Wes Anderson possède indéniablement un univers singulier, qui confère à ses films une beauté plastique incontestable. Cela dit, ce style très personnel, ingénu et décalé, ne me parle pas plus que ça et ses afféteries me laissent à distance.
Dans "Moonrise Kingdom", il est question d'un couple de très jeunes gens à peine sortis de l'enfance, qui décident de faire une fugue en amoureux, tellement déçus qu'ils sont par le monde des adultes.
Il faut dire que Sam, scout et orphelin, et Suzy, grande lectrice malheureuse dans sa famille, sont deux âmes solitaires en cet été 1965, sur une île au large de la Nouvelle-Angleterre.
Le propos très naïf et le ton enfantin du récit amusent et fascinent un certain temps (cela coïncide avec l'échappée belle des deux jeunes héros, au début de leur périple aventureux), mais finissent par fatiguer voire agacer sur la durée, même si le film n'excède pas une heure et demie.
La dimension très kitsch du métrage finit par sentir quelque peu le renfermé, d'autant que les tentatives humoristiques ne sont pas toujours du meilleur effet.
Heureusement, il reste la mise en scène singulière de Wes Anderson, qui multiplie les travellings à l'horizontale ou à la verticale, propose une photographie très colorée, et soigne la composition de ses plans avec un perfectionnisme qui confine à la maniaquerie, donnant ainsi à son cinéma un aspect proche de la bande dessinée.
Forcément, il s'agit alors d'une affaire de goût, et chacun appréciera plus ou moins cette esthétique selon sa sensibilité : pour ma part, j'ai tendance à me sentir extérieur au récit et à distance des émotions.
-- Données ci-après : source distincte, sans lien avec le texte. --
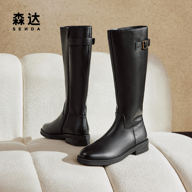 森达骑士靴女靴2024年冬季新款商场同款加绒高筒长筒靴XEN01DG4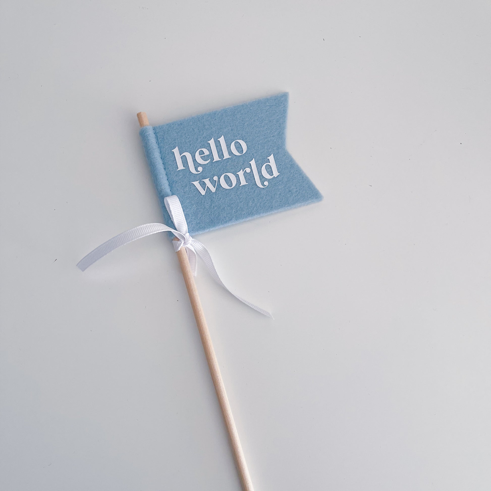 Flag wand - light blue ‘hello world’

Cela dit, la science du cadrage et de la symétrie de Wes Anderson s'avère impressionnante, et vient caresser la rétine de l'esthète qui sommeille en chacun de nous...
En fait, ce qui accentue le sentiment de déception, c'est l'accueil dithyrambique dont a bénéficié "Moonrise Kingdom", qui en soi reste une œuvre originale et assez plaisante.
Comme si la majorité du public, séduit par la poésie tendre et onirique du réalisateur américain et par la présence de stars hollywoodiennes à contre-emploi, avait totalement omis la dimension très basique voire superficielle de cette bluette adolescente.
Surtout que les stars en question ne se foulent pas trop, capitalisant surtout sur leur image et leur charisme respectif, et proposant chacun un jeu mono-expressif qui ne restera pas dans les mémoires.